As part of the effort, MoveOn.org released a new ad Thursday blasting Feinstein for noting the difficulty of winning enough votes to pass health care legislation.
The other factor that may determine the success of health care reform is the pesky financing issue. President Obama has promised that any health care legislation will be deficit-neutral, but so far, the Congressional Budget Office has been critical of Democratic efforts. Last week, the CBO determined that a just a portion of a bill produced by Ted Kennedy’s Senate Health, Education, Labor and Pensions Committee would add $1 trillion to the deficit. It later slapped a $1.6 trillion price tag on a draft of the Senate Finance Committee bill, forcing chairman Max Baucus to delay the bill so that he could chop its cost by $600 billion.

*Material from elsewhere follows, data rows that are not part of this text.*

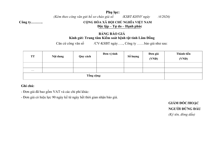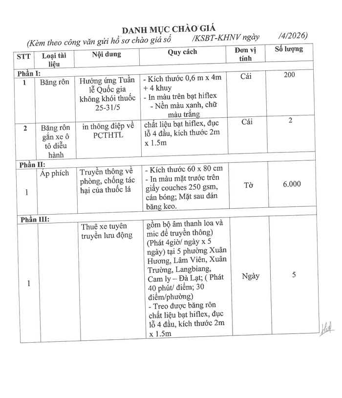 Gửi hồ sơ chào giá Gói thầu sản xuất tài liệu truyền thông, thuê xe tuyên truyền lưu động về phòng chống tác hại của thuốc lá năm 2026
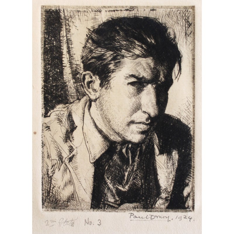 to include `Self Portrait by Lamplight` by Paul Drury, 1924, signed and dated, 9.5 x 7cm.[see illus]; `David Drummond Bone` by Francis Dodd, 1910, one of 18 proofs, signed, 20 x 25cm.; `Dawning Intelligence` by William Lee-Hankey, 1921, signed and titled, 27 x 23cm.; `The Rehearsal` by William Strang, 1889, rare proof by Frederick Goulding, signed and inscribed, 17.5 x 21cm.; and `Stockinger` by Mary Anne Sloane, c.1895, proof, 25 x 31cm., all unframed (5)
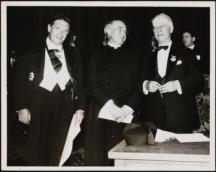 [Al Smith with Hebert Hoover and another man at an automobile show.]
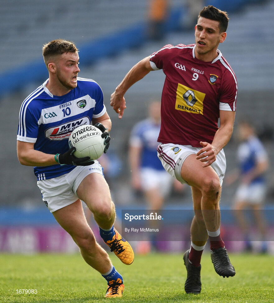 6 April 2019; Eoin Lowry of Laois in action against Denis Corroon of Westmeath during the Allianz Football League Division 3 Final match between Laois and Westmeath at Croke Park in Dublin. Photo by Ray McManus/Sportsfile
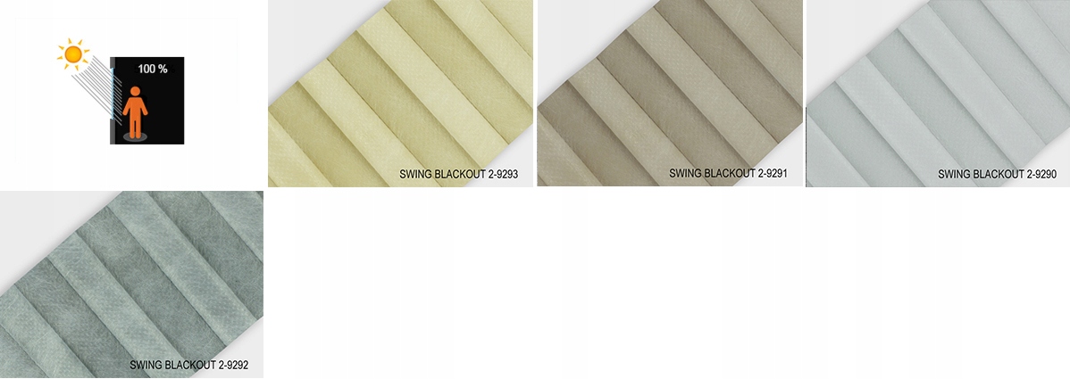 SWING BLACKOUT - 100% ткань блэкаут с функцией отражения солнечных лучей. Мягкая со стороны комнаты и белое покрытие снаружи.
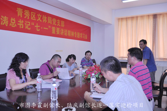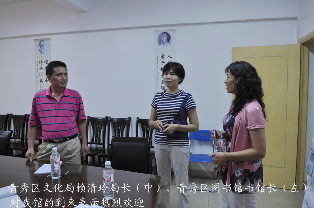 今年是南宁市创建全国文明城市复评年。为了带动全市各城区图书馆做好创城迎检工作,2011年8月16日,南宁市图书馆副馆长李霞、陆庆携技术人员来到青秀区图书馆指导工作,得到青秀区文化局赖清玲局长、青秀区图书馆韦昌本馆长的热情接待。

The problem is that every revenue-raising measure being considered makes some contingent of people unhappy. President Obama proposed limiting the charitable contributions deduction for wealthy Americans, but that dropped like a lead balloon in Congress. Senate Democrats are considering limiting the employer tax exclusion on health insurance, a huge pot of money, but President Obama attacked John McCain during last year’s campaign for proposing it, and unions remain strongly opposed.
Gerald McEntee, President of the American Federation of State, County, and Municipal Employees (AFSCME), warned at Thursday’s rally that any attempt to tax employee health benefits would “turn good people against great reform.”
In the coming months, President Obama will face the most difficult legislative test of his young presidency. If he wants to get health care legislation done this year, at some point, he’s either going to have to convince moderate Democrats to abandon their reservations over the price tag and the creation of a government plan, or he’ll have to get liberals to settle for less. If both sides dig in, health reform will go down in flames once again, and Democrats won’t be able to pin the blame on Republicans.